I'm awake! I'm awake!

May 29, 2006 12:02


Yes I am! I didn't sleep late today, no I did not. Honest. O_O

Well, actually I didn't. Technically didn't. I woke up at 6am, I just didn't move until 9am.  Oh the bliss of being able to lay in bed for 3 hours without having to listen to screaming children, my mother bitching, my brothers arguing over the net connection or the neighbours drilling holes in things. Ah yes, and now I've said that all hell is about to break loose.

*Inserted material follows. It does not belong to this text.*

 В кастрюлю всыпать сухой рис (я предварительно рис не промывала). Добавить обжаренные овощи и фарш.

Anyway, I've been threatening you al with it for the past couple of days, but here it is

Whit
or,
Isis amongst the Unsaved

The book started, as most do, with words. Lots, and lots, and lots of words which made me think "Great, this is going to be another Banks book I can't read more than a chapter of at a time".  I suppose anyone who reads Banks gets that same feeling with some of his works, they're so thick with descriptive text and twists that to begin with (at least, and occasionally all the way through the book) it seems quite a task to actually begin reading, let alone contemplate finishing the novel. This one, I feel, didn't start well. If I wasn't on a train in the middle of nowhere with some rather smelly person next to me who I was trying to ignore I may have given up after the first paragraph. But I was trapped, with nothing but this book, so I forged on.

It starts rather blandly, a simple description of someone reading a book, which I feel has far too much description and felt strangely like a over-enthusiastically written fan-fic. To put it shortly : It felt like something I would write when in one of my moods to layer on description after useless description. It's the kind of start I would have consigned to the bin to be honest, but to be more honest, it is a good a start as any other and I am far too fussy. ((It's a Virgo thing. Go figure.))

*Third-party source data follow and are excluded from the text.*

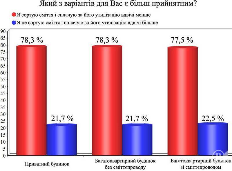Переважна частина опитаних респондентів (78%) готові сортувати сміття. І сплачувати за його утилізацію вдвічі менше.
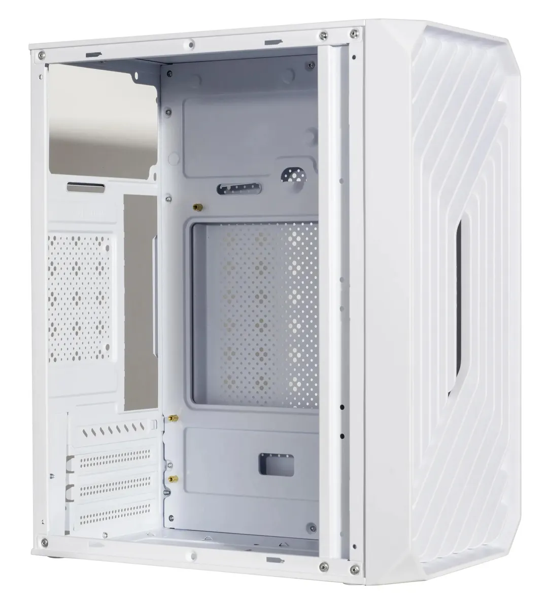 Стильный корпус в белом цвете, созданный для компактных систем mATX или mini-ITX. Поставляется без блока питания (БП) — это даёт гибкость в выборе источника питания под вашу конфигурацию. Хорошо подходит для лёгких домашних, офисных или мультимедийных сборок, где важен чистый внешний вид и минимализм.
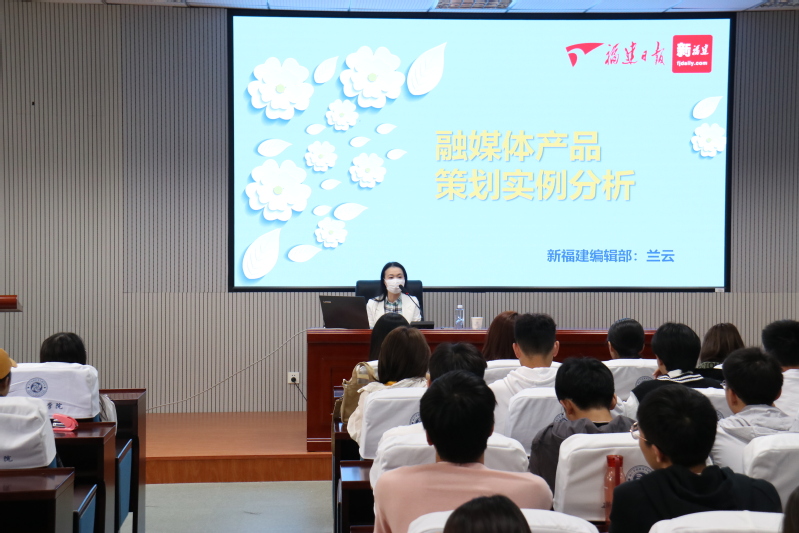 11月25日下午,福建日报社新福建编辑部主任助理兰云,在工科楼B座学苑讲坛为 成人在线 师生做了主题为《融媒体产品策划实例解析》的讲座,讲座由院长刘建萍主持,网络与新媒体系主任李馨、网络与新媒体系教师冯蔚宁和部分学生参加了讲座。

Then comes the fox. I shan't tell you what happened to the fox, or what was done to the fox ((I bet you all have some strange mental images now!)) but it was the first thing which made me perk up and wonder if my original observations had been entirely inaccurate. And I was only halfway down the first page.

But that's entirely my point of praise for this novel: every time you think you have the answers, you don't. It twists and turns, challenges your original perceptions and in doing that makes you questions things that you may never have questioned before.

Take Isis, ((or, more correctly, Gaia-Marie Isis Saraswati Minerva Mirza Whit of Luskentyre, Beloved Elect of God III,)) like so many of Banks other characters she is on a journey of self discovery through the entire book. I fell entirely in love with this character - and being an atheist with a chip on her shoulder about religions and people just like Isis it's not something that usually happens. She goes out into the world after having being brought up in a religious cult, sheltered from the outside world, all it's technologies and believing vehemently in her way as the only true way, in her religions value above all else, and in the purity of her commune and her fellow Luskentyrians. By the time you have read about a third of the novel you agree with her.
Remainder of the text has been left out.